High-performance liquid chromatographic assay for human liver microsomal omeprazole metabolism

Tommy B. Andersson; Per-Olof Lagerström; John O. Miners; Maurice E. Veronese; Lars Weidolf; Donald J. Birkett

Assays for the measurement of omeprazole metabolites in plasma and urine have been reported, but when applied to the determination of omeprazole metabolites formed by human liver microsomal incubations there were obvious limitations in sensitivity. The present high-performance liquid chromatographic (HPLC) assay, which comprises extraction, evaporation and reconstitution, is several-fold more sensitive with a limit of detection of approximately 2 pmol (2 nM in incubate) for omeprazole sulphone and 25 pmol (25 nM in incubate) for hydroxyomeprazole. Extraction efficiency is essentially quantitative and is highly reproducible (coefficient of variation = 2.1% for both metabolites). The assay is linear over a wide range of concentrations and the formation of the metabolites is linear with respect to both time (to 15 min) and protein concentration (to 1.5 mg/ml). Two minor metabolites, one of which was identified tentatively as 5-O-desmethylomeprazole, were also formed by human liver microsomes and could be determined by this method. Preliminary studies of the formation of omeprazole sulphone and hydroxyomeprazole showed that the formation kinetics in human liver microsomes were biphasic for both metabolites, suggesting that at least two different cytochrome P450 isoforms are involved in their formation.
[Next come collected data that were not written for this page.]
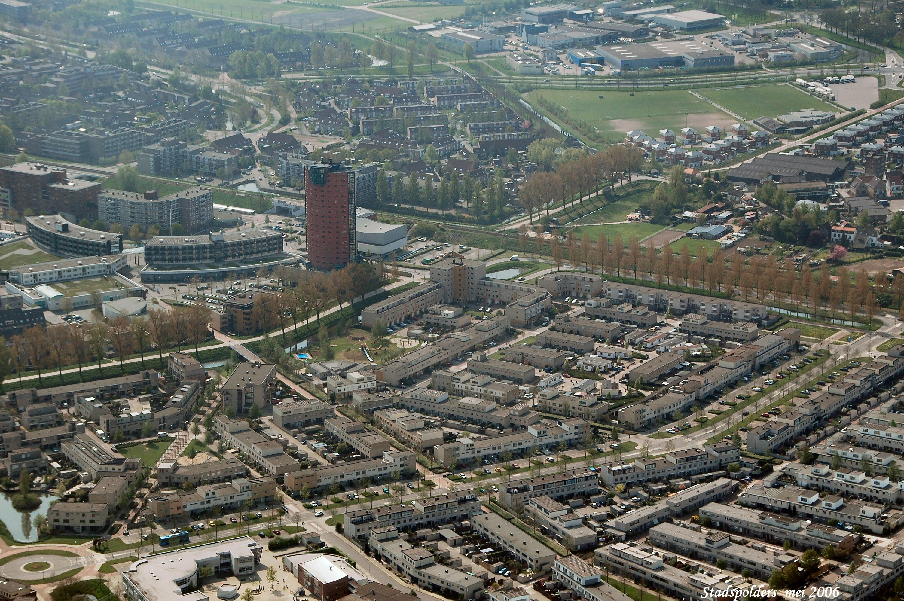 Stadspolder met de Sequoia en links er van winkelcentrum "Bieshof" Mid.links is de Loswalweg Rechts boven is de Egstraat met van links naar rechts de spoorlijn Dordrecht Sliedrecht. gezien in Zuid/Oostelijke richting.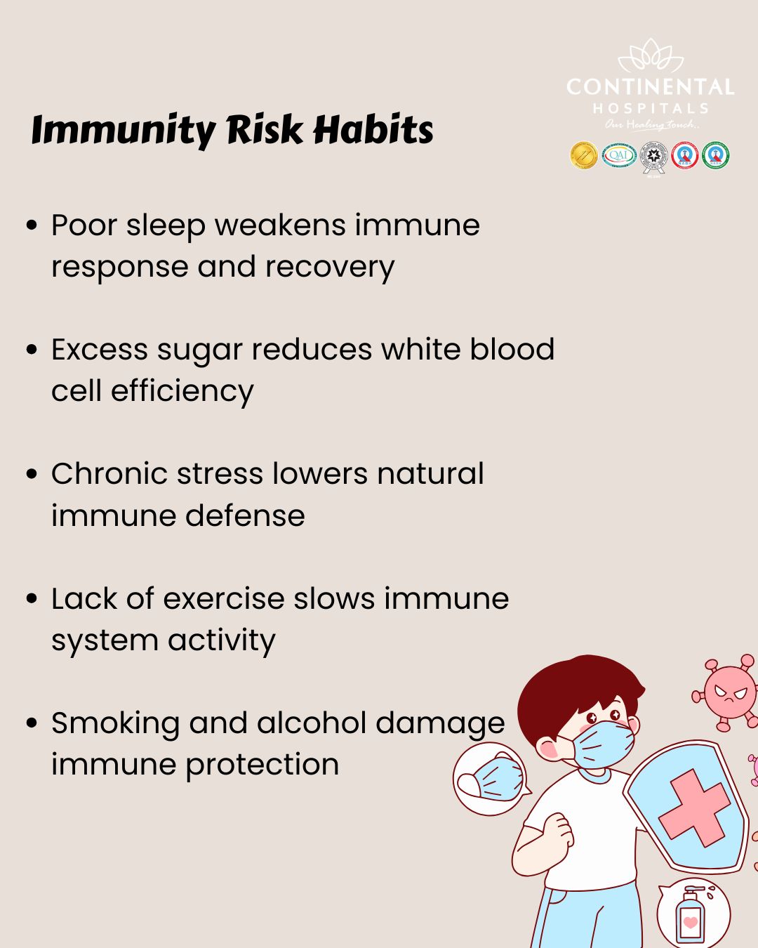 Continental Hospitals provides comprehensive health assessments to evaluate immune strength. Services include: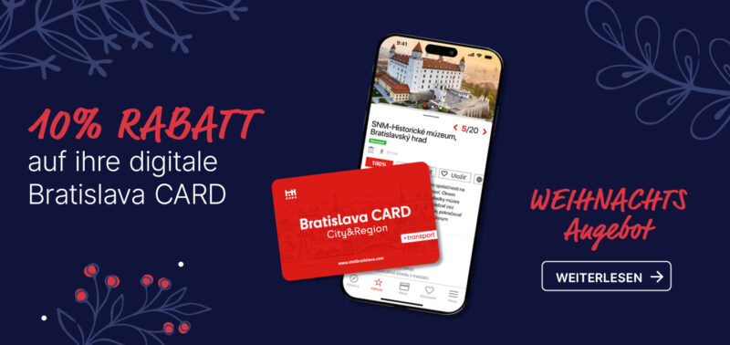 Um die festliche Atmosphäre voll auszukosten, lohnt sich die Bratislava CARD. Mit ihr fahren Gäste kostenlos mit dem öffentlichen Nahverkehr. Außerdem erhalten sie freien oder ermäßigten Eintritt in Museen, Galerien und zu Aussichtspunkten. Zusätzlich ist eine kostenlose Führung durch die Altstadt inbegriffen. Die Karte bietet daher eine einfache Möglichkeit, Bratislava während der Weihnachtszeit intensiver zu erleben.
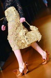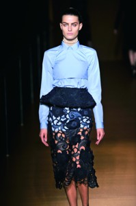 蕾丝也能塑造廓型 本季风尚的关键词之一即是廓型,只是不要想当然地认为只有呢子质地才能产生建筑般的轮廓,蕾丝同样可以。黑色的蕾丝与薄纱层层叠叠,制 成造型夸张的蓬蓬裙摆,再配上神秘诡异的烟熏妆容,就是从古堡里走出的精灵女子,比起那些萦绕着粉色蕾丝的甜美系公主显然更具诱惑。另外不得不提的仍是 PRADA,用层叠蕾丝营造出本季相当流行的腰间短裙效果,优雅而又干练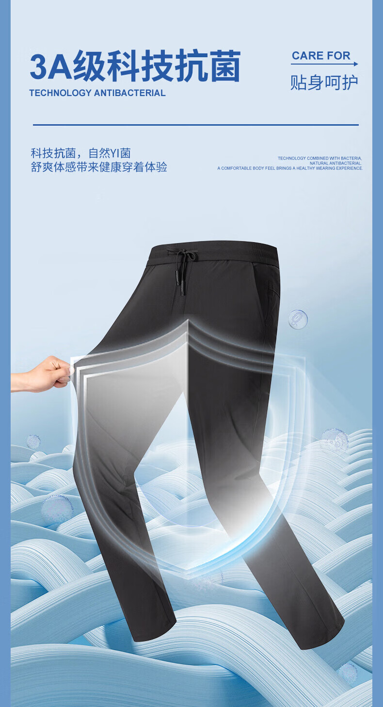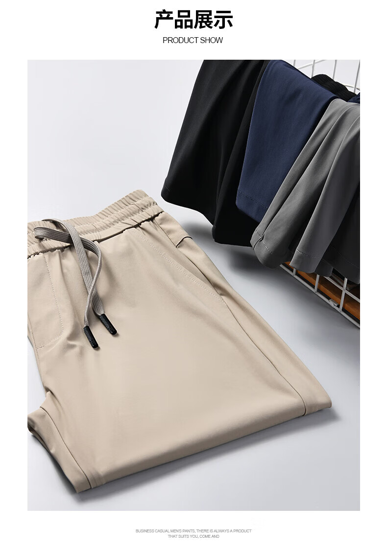 SHANSHAN杉杉【锦氨弹力三防凉感】休闲裤子男2026春夏高弹简约直筒通勤 黑色 XL /180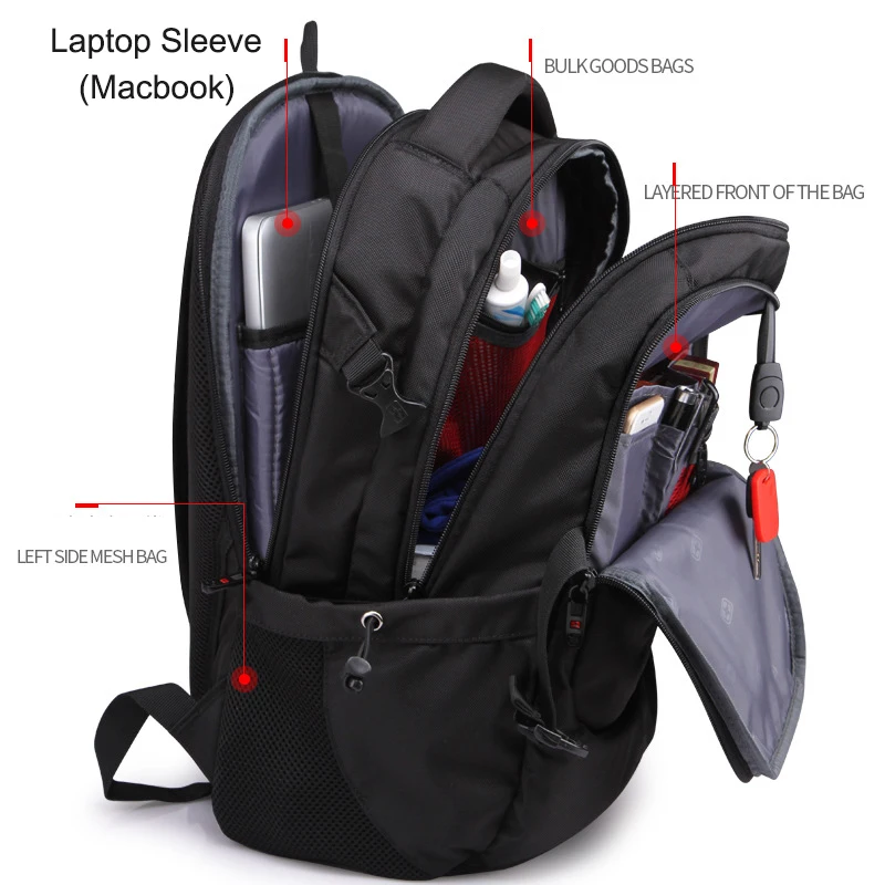 AIWITHPM Swiss Multifunctional External USB Charge Port Laptop Bag Waterproof 16" Laptop Backpack Schoolbag Travel Bag Rucksack - Купить с бесплатной доставкой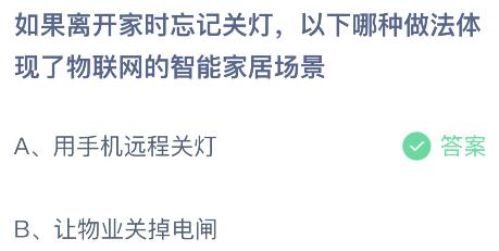 如果离开家时忘记关灯以下哪种做法体现了物联网的智能家居场景?蚂蚁庄园
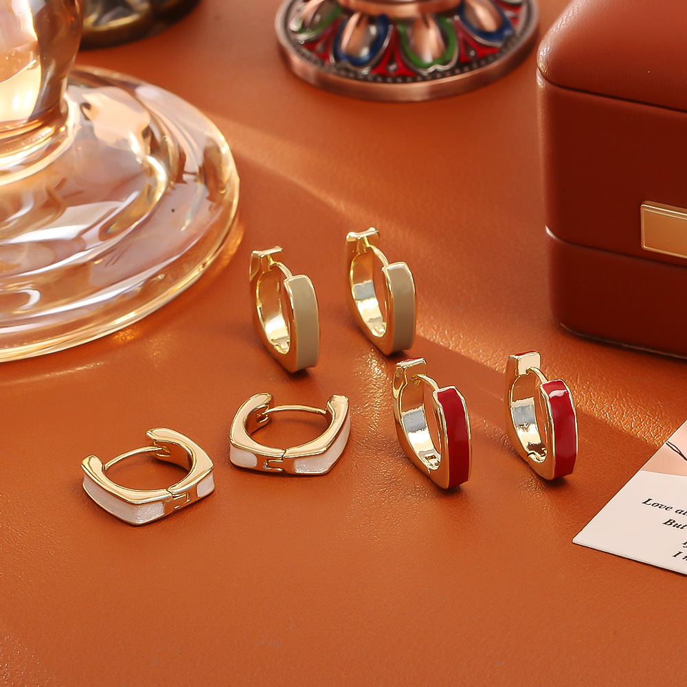 Classic Hong Kong Style Square Oil Drop Earrings, Double-Sided Wearable, High-End, Fashionable, Simple and Elegant Earrings for Women, Daily Earrings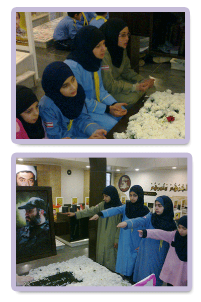 بزيارة لروضة الشهداء ..... وزيارة ضريح الشهيد القائد عماد مغنية حيث تم تجديد العهد بالاستمرار على النّهج الذي رسمه لهن وذلك بحضور 25 مرشدة كشفية..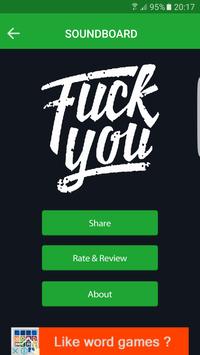 If someone bother you, just push the button. If someone annoying you, just push the button. Nothing to do, just push the button. Simple soundboard with seventy two "F*** You" expressions.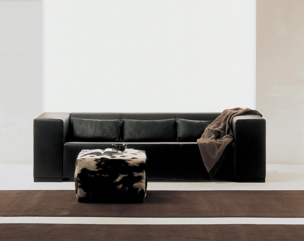 Hard wood structure covered in polyurethane with a protective fabric lining. Interwoven elastic webbing. Seat end back cushions in polyurethane and Dacron. Goose down back cushions. Legs in lacquered beech wood or in steel (mat or polished). Completely removable fabric upholstery.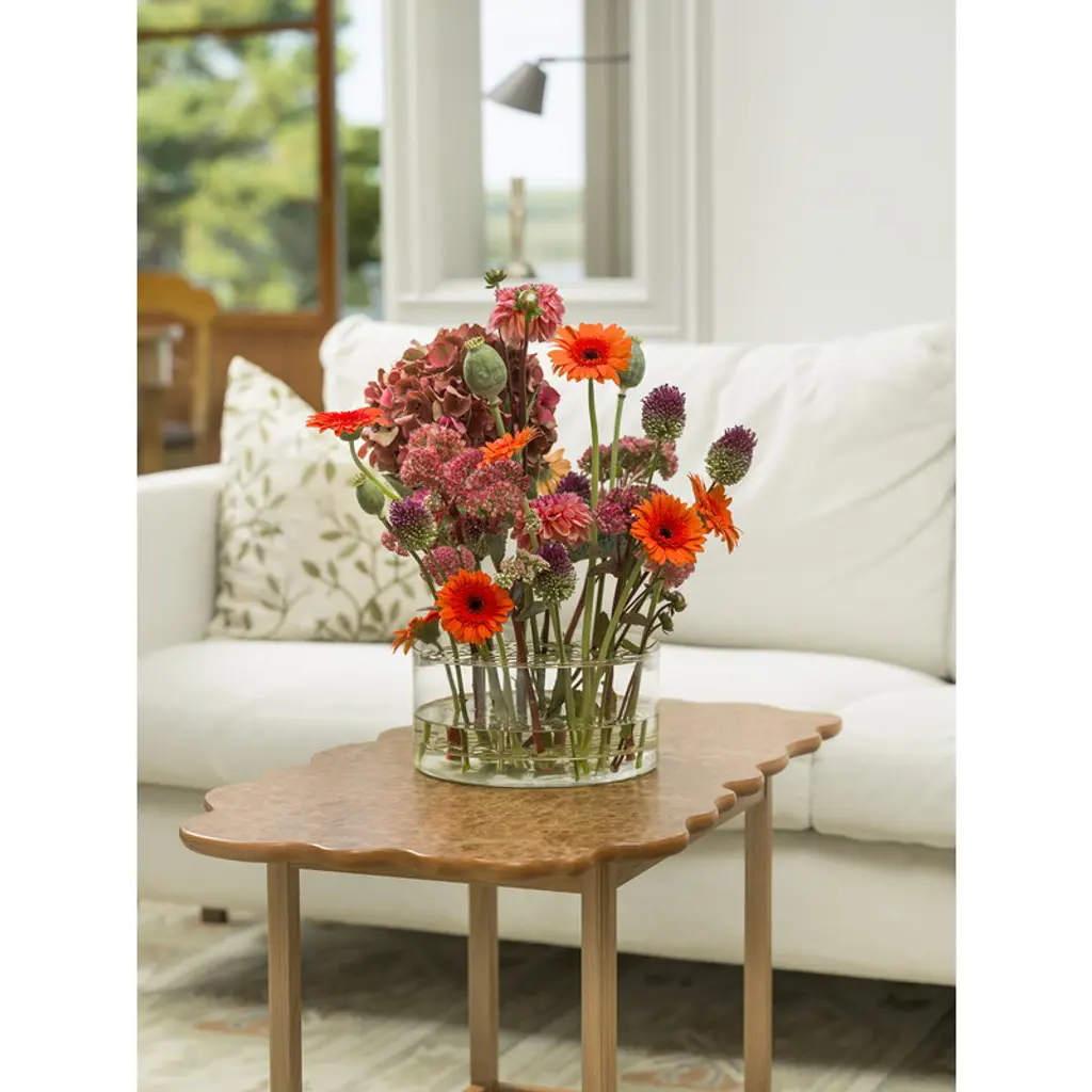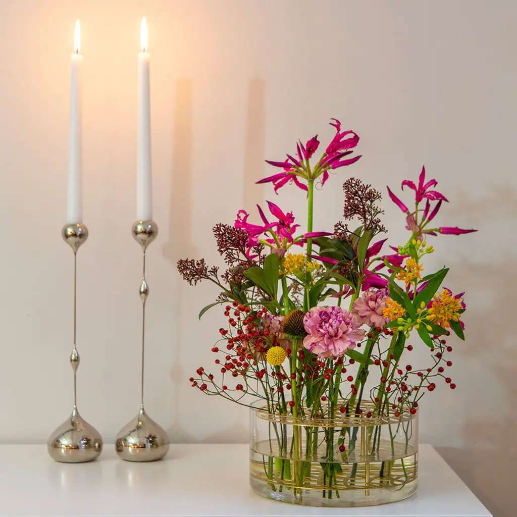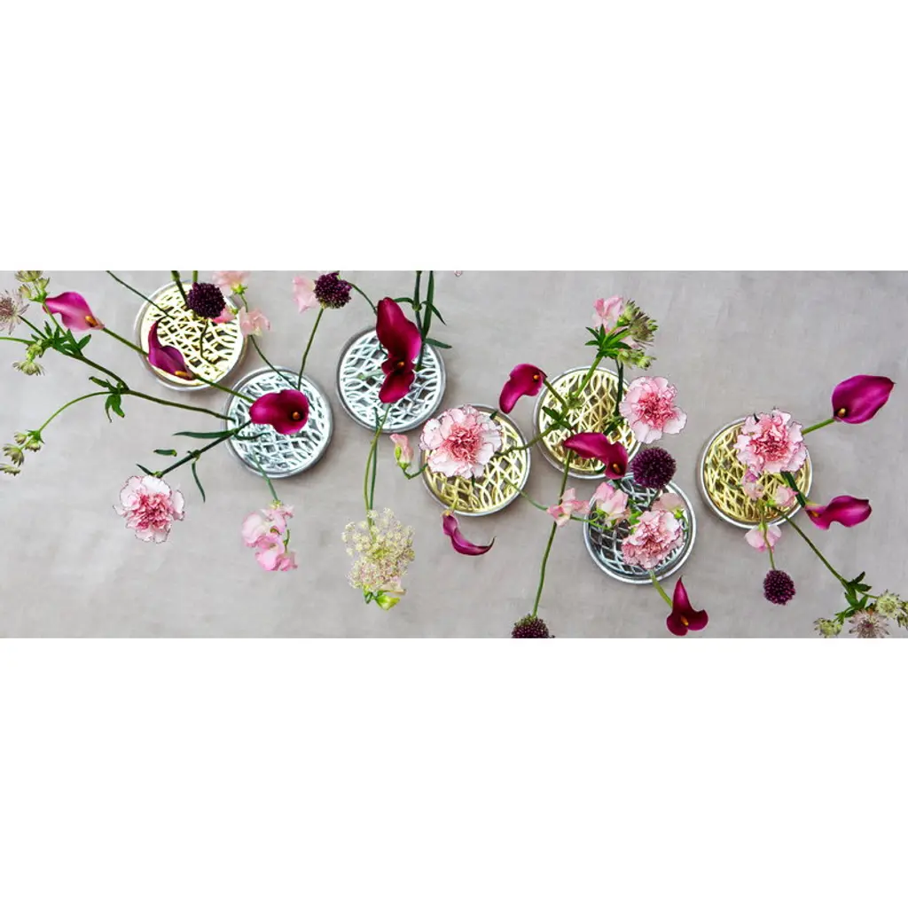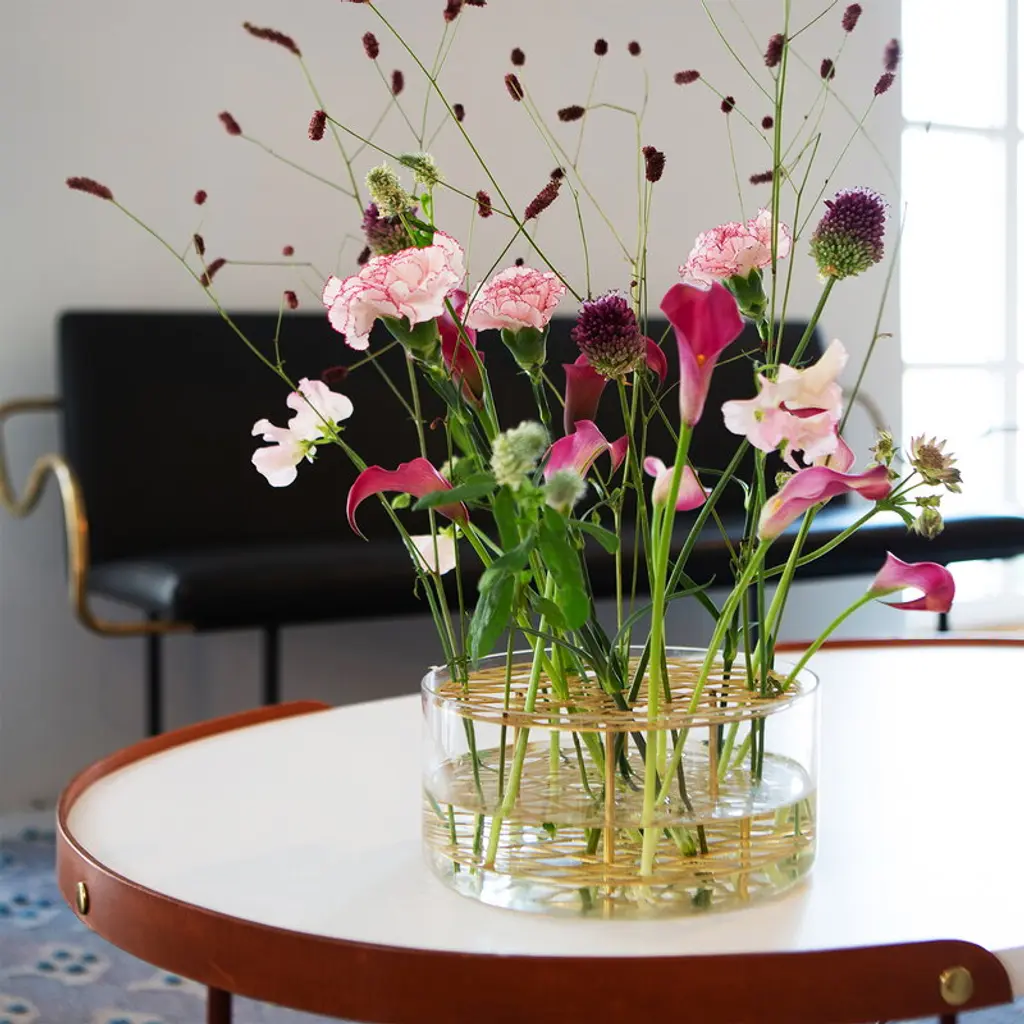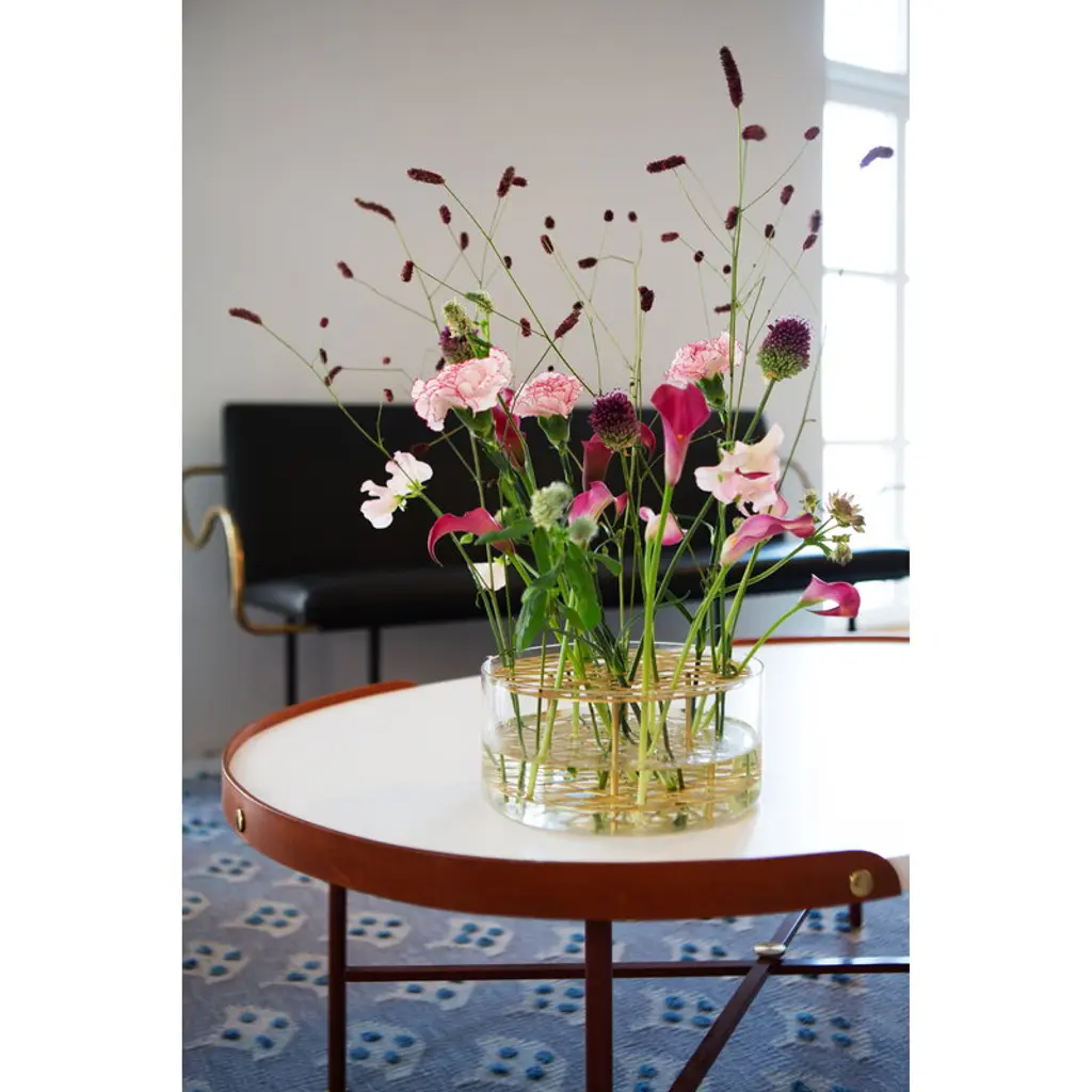 Klong’s Äng, designed by Eva Schildt, is an intriguing vase that makes creating flower arrangements easy. The name Äng, Swedish for meadow, refers to the way flowers stand in the vase: the double-tiered brass frame separates the stems and holds them upright. The beautiful frame rests in a cylinder-shaped bowl that is made of blown glass. Create an urban flower meadow in your home with the delightful Äng vase or have it on display as a sculptural design object.

Journal of Chromatography B: Biomedical Sciences and Applications | 1985

Drug level monitoring: cardiovascular drugs

Martin Ahnoff; Magnar Ervik; Per-Olof Lagerström; Bengt-Arne Persson; Jörgen Vessman

Methods for the determination of cardiovascular drugs in blood and plasma are critically reviewed with emphasis on gas and liquid chromatographic techniques. The importance of the various procedures is discussed, in particular sample work-up where the conditions for isolation and derivatization of the compounds are decisive for the accuracy and precision of the methods. Compared with other assay techniques chromatographic methods are generally to be preferred owing to their better selectivity. In the review the following groups are discussed: digitalis glycosides, antiarrhythmic agents, beta-adrenoceptor antagonists, vasodilating agents, antihypertensive compounds, and diuretics.


Journal of Chromatography B: Biomedical Sciences and Applications | 1987

Determination of metaprolol and two major metabolites in plasma and urine by column liquid chromatography and fluorometric detection

Karin Balmér; Yunyang Zhang; Per-Olof Lagerström; Bengt-Arne Persson

Metoprolol and its alpha-hydroxy metabolite were determined in plasma down to 2 nmol/l (S.D. 10-15%) after solvent extraction and bonded-phase liquid chromatography with fluorometric detection. The major metabolite with a carboxylic function was also measured in plasma when liquid-solid extraction on a column activated with dodecyl sulphate was applied. In urine the three components were assayed by direct injection of a diluted sample.